28. The apparatus according to any of claims 18-27, wherein the image to be encoded is a source video image, or wherein the image to be encoded is an image block obtained by dividing the source video image.

29. A video image processing apparatus, comprising:

the device comprises an acquisition module, a coding module and a decoding module, wherein the acquisition module is used for acquiring at least one first image to be coded and a second image to be coded, and the second image to be coded is a video image before the at least one first image to be coded;

the first coding module is used for respectively carrying out first coding on the at least one first image to be coded so as to generate a first code stream;

A second encoding module, configured to determine, according to at least one first reconstructed image, at least one of a first partition manner and a first encoding parameter used to perform second encoding on the second image to be encoded, where the at least one first reconstructed image is the first code stream or a reconstructed image in the first encoding process;

the second encoding module is further configured to perform the second encoding in the full intra prediction mode on the second image to be encoded according to at least one of the first partition manner or the first encoding parameter, so as to generate a second code stream.

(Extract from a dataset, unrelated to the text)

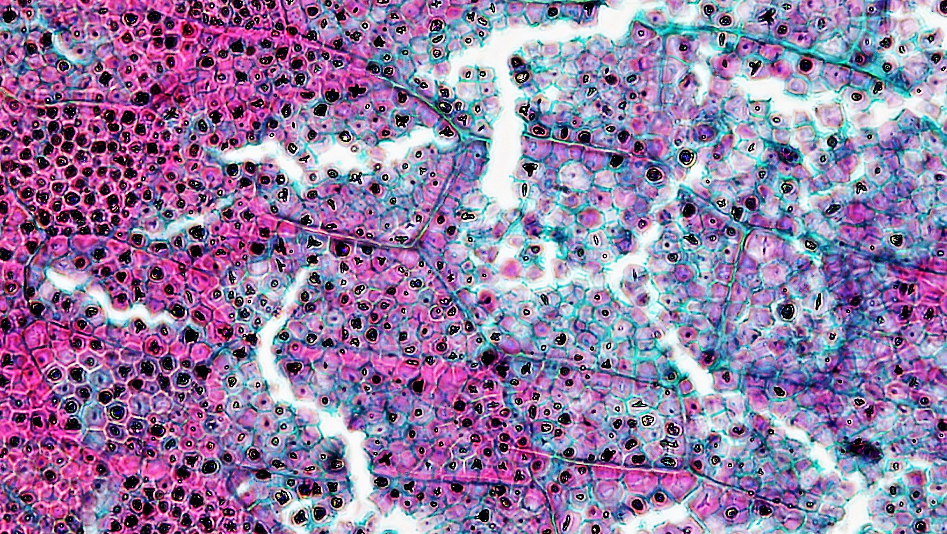 cross section: Zea may embryo common name: corn grain magnification: 200x by phase contrast Triarch quadruple stain Berkshire Community College Bioscience Image Library
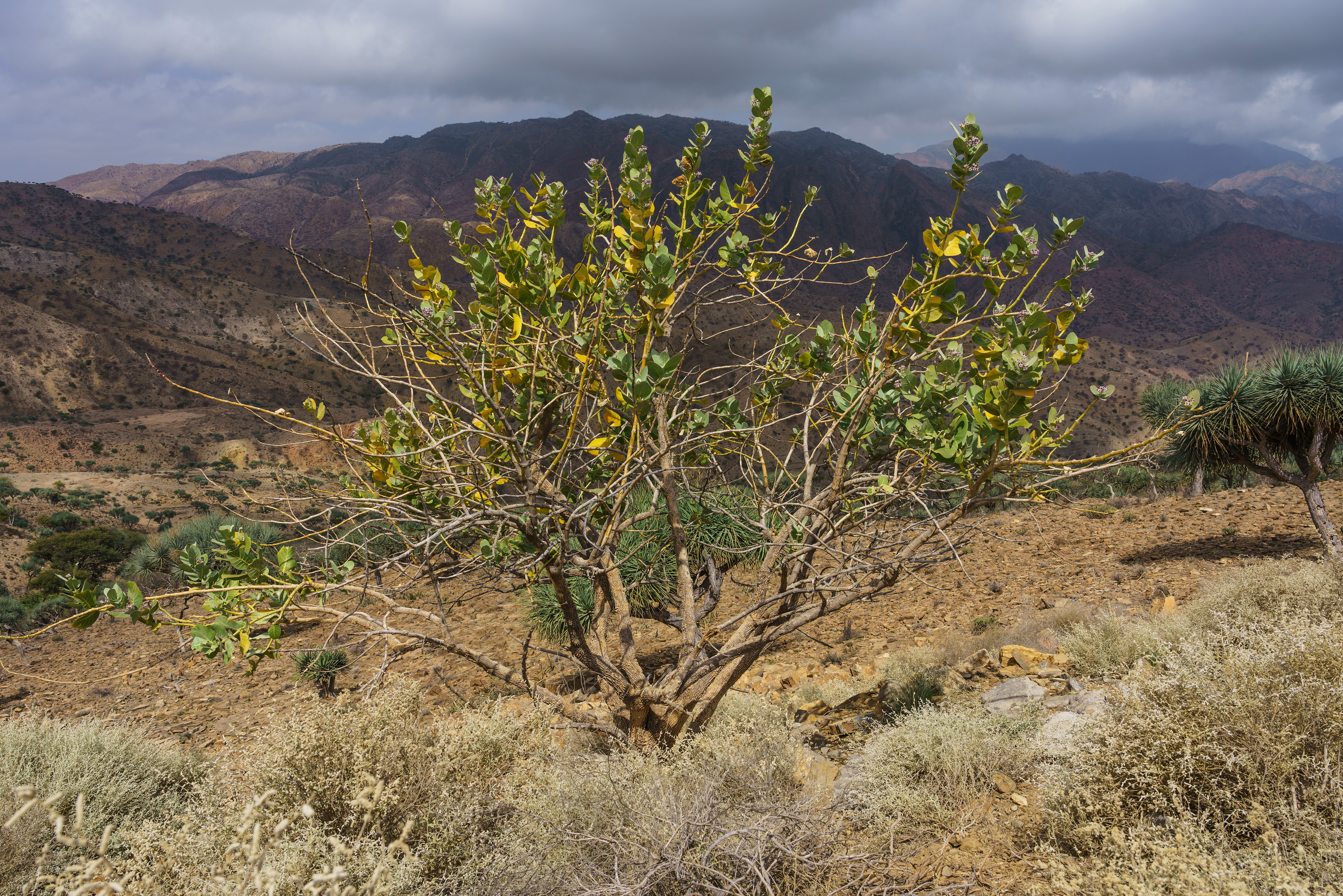 Surroundings of Abala town, Afar Region, Ethiopia

30. The apparatus according to claim 29, wherein the at least one first image to be encoded is one in number, the at least one first reconstructed image is one in number, a difference between the first reconstructed image and a second reconstructed image is smaller than a difference threshold, or a similarity between the first reconstructed image and the second reconstructed image is higher than a similarity threshold, the second reconstructed image is obtained by decoding the first codestream using a third reconstructed image as a reference image, and the third reconstructed image is the second codestream or a reconstructed image in the second encoding process.

31. The apparatus according to claim 29, wherein there is one number of the at least one first image to be encoded and one number of the at least one first reconstructed image, and wherein the second encoding module is configured to:

32. The apparatus of any one of claims 29-31, wherein the first encoding module is further configured to: before the at least one first image to be coded is subjected to first coding, the second image to be coded is subjected to the first coding to generate a fourth code stream;

the second encoding module is further to: obtaining a prediction mode of the first code;

33. The apparatus according to any of claims 29-32, wherein said at least one first image to be encoded is at least one first source video image and said second image to be encoded is a second source video image.

34. The apparatus of any of claims 29-33, wherein the first encoding parameter comprises a quantization parameter or a code rate.

35. A video image processing apparatus, comprising:

One or more processors;

a memory for storing one or more programs;

when executed by the one or more processors, cause the one or more processors to implement the method of any one of claims 1-17.

36. A computer-readable storage medium comprising a first codestream and a second codestream obtained according to the method of any one of claims 1-17.

37. A computer program product, characterized in that it causes a computer to carry out the method of processing video images according to any one of claims 1 to 17, when the computer program product is run on the computer.

38. A computer-readable storage medium comprising computer instructions which, when run on a computer, cause the computer to perform the method of processing video images of any of claims 1-17.